Elio Delgado Legon

Rural Cuba photo by Angel Yu.

HAVANA TIMES — I had joined the guerrilla a month before and still hadn’t taken part in any important actions. Only the most senior and experienced members, who had the best guns, had been sent to acquire weapons and to ambush a police patrol.

November 3, 1958 – the day Batista’s dictatorship had chosen to hold elections in, to bring about a change in government that would have a semblance of legality within so-called “representative democracy” – was nearing.

A messenger from the provincial headquarters of the 26th of July Movement had arrived with instructions to sabotage the elections. No vehicle was to be allowed on the town’s central road or railway (as we knew the government would be sending troops to the central and eastern provinces to ensure the fraudulent elections were carried out as planned).

At the time, our guerrilla cell, the Julio Pino Column, was made up of 60 combatants, but many of these had no weapons or had very precarious and ineffective ones. I had a sawed-off shotgun which was only effective if fired very close to the enemy, and a 38-caliber six-shooter, which I hadn’t had the opportunity to test.

On the afternoon of the 2nd, we started moving towards the central road. We were planning to set up camp between the town of Manacas and the Hatuey brewery, where the road was some 300 meters away from the railroad, a place where the men could be more easily distributed between the two ways.

At around nine at night, we crossed the central road, which was deserted. Captain Julio Chaviano set up a squadron (under the command of lieutenant Esmildo Chaviano) along the length of a stretch of road, between the eucalyptus trees that surrounded it. The orders were to fire on any vehicle that drove past.

The remaining men were deployed along the railroad, where a train carrying troops was expected to pass.

The hours went by and no vehicles were seen on either of the two ways. Only the mosquitos would flit by and bother us. At around eleven at night, we heard a vehicle speeding down the road and we got ready to open fire. As it was about to enter into our line of fire, we saw that it was an ambulance and the order to hold fire was given. Only one of us, who hadn’t heard the order, fired off a shotgun run, which luckily didn’t hit the driver (who continued on his way at high speed). Everything went quiet after that.

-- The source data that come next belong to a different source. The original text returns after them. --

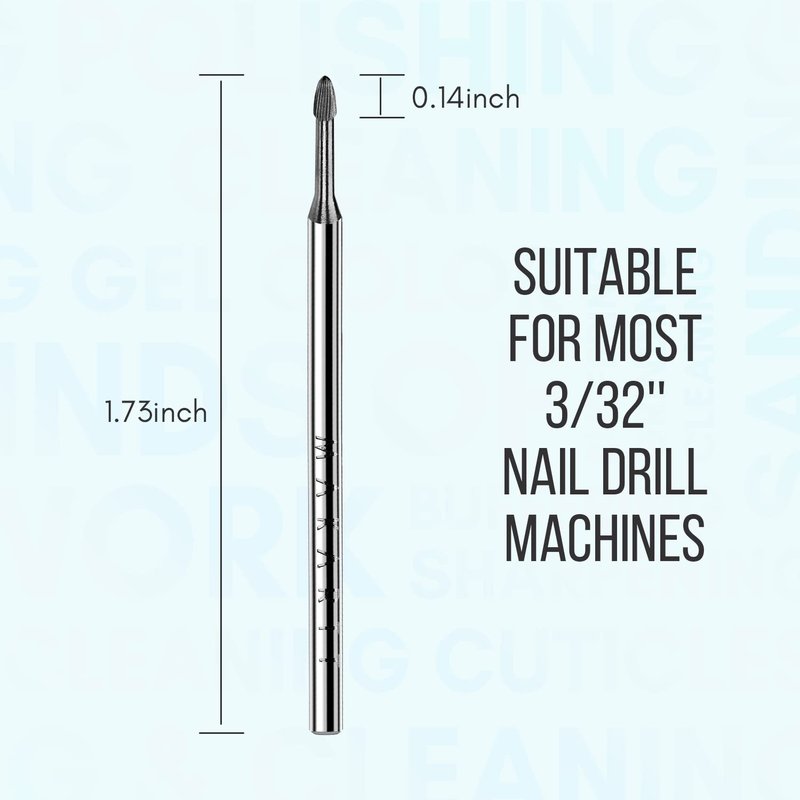 - High-Quality Tungsten Carbide Bit for Nails: Made of premium strength tungsten carbide material with precision workmanship, this high-precision machining nail bit comes with excellent heat dissipation, low vibration, low noise, and long service life. Perfect manicure preparation tool for nail salons and professional nail techs.
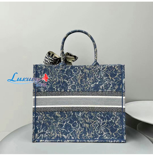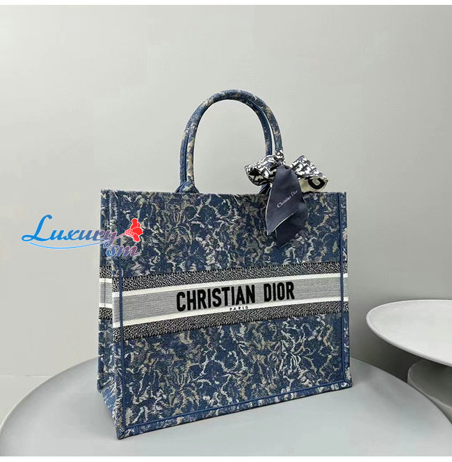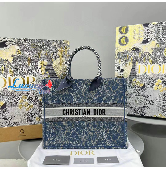 [스페셜오더]DIOR-M1286 디올 블루 Dior Brocart 데님 DIOR BOOK TOTE 라지 백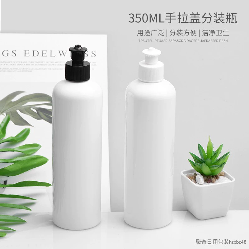 350 مل أبيض مستدير مع غطاء سحب يدوي، زجاجة منظف منظف، زجاجة بلاستيكية بديلة لمنظفات ملابس الأطفال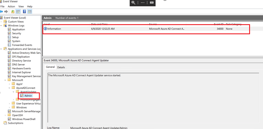 Event Viewer logs on that on-premises server to verify the agent is now running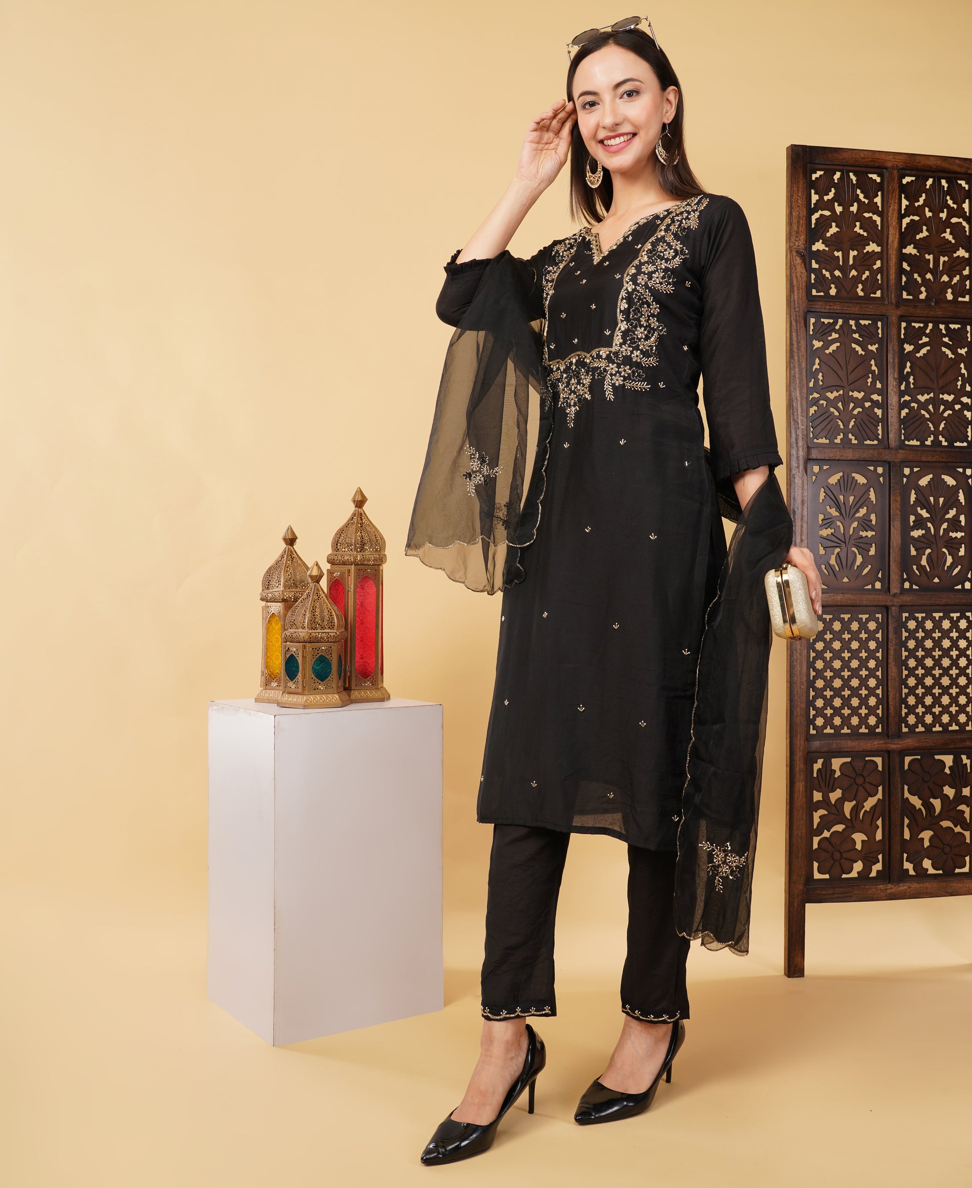 Prisachi Black Embroidered kurta bottom with dupatta with Zardosi work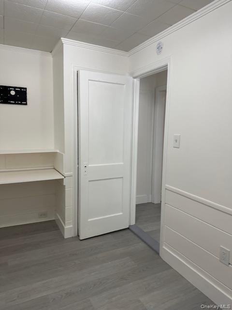 - Unfurnished dining area with ornamental molding and dark wood finished floors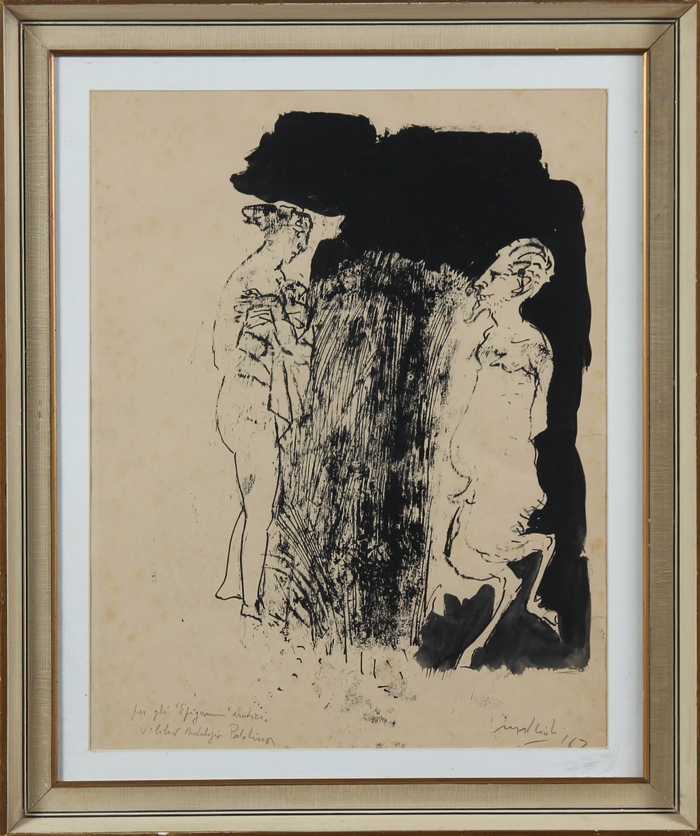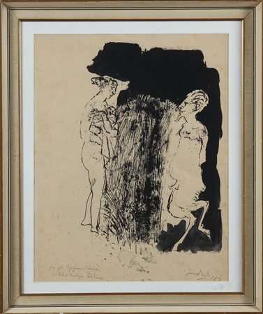MATTIOLI CARLO (1911 - 1994) Senza titolo. 1962. China su carta. Cm 34,50 x 44,50. In basso a sinistra reca la dicitura: Per gli Epigrammi Erotici, V libro Antologia Palatina. Firma e data in basso a destra. Cornice presente

An hour or two later, we heard the noise a train arriving from the west typically makes.

The group spread out along the railroad was on the alert. The orders were for all to open fire at the same time as the train passed by and for the captain to open fire on the locomotive with his Springfield.

When the train entered into the line of fire, the sound of the wheels on the tracks mingled with the thundering of the rifles, shot-guns and revolvers.

The shooting lasted only a few minutes, as the train was moving fast, but some of the soldiers fired back at us. When the combat ended, someone in our ranks was left seriously injured. A bullet had gone through the chest of Sabino Hernandez Casal (Chambas).

We quickly decided to carry him to the house of the nurse at the beer parlor, some two kilometers away. We had to move by the side of the road and do so quickly. We would take turns carrying him. Every time one of us got tired, they would hand over the wounded man to another. We didn’t stop for a second.

When we reached the house of the nurse, we found out he wasn’t there and we had to go look for him at the factory infirmary. The wounded man was placed on a broad wooden bench, and I placed his head on my lap so that he’d be more comfortable, but he wasn’t even moving.

When the nurse arrived and saw him, he gave us harrowing news: Chambas was dead.

Sabino Hernandez had joined our guerrilla ranks not long before, but his agreeable nature had earned him everyone’s affection. He had told us he lived in Chambas, in the province of Camaguey, where he had a wife and a newborn whom he hadn’t yet seen. All of us had ceased calling him Sabino and he was known as Chambas in the group.

The decision was to bury him as soon as possible at a location that could be easily identified later. We opened up a hole next to a palm tree and laid him there, covering the grave with planks and a piece of plastic. We didn’t have time to do anything more.

It took us all the early morning to complete this operation. As dawn broke, we were still some 200 meters way from the central road, without any brushes to hide behind.

Captain Chaviano’s words of farewell made many of us cry. It was our first encounter with death and Chambas was our first martyr.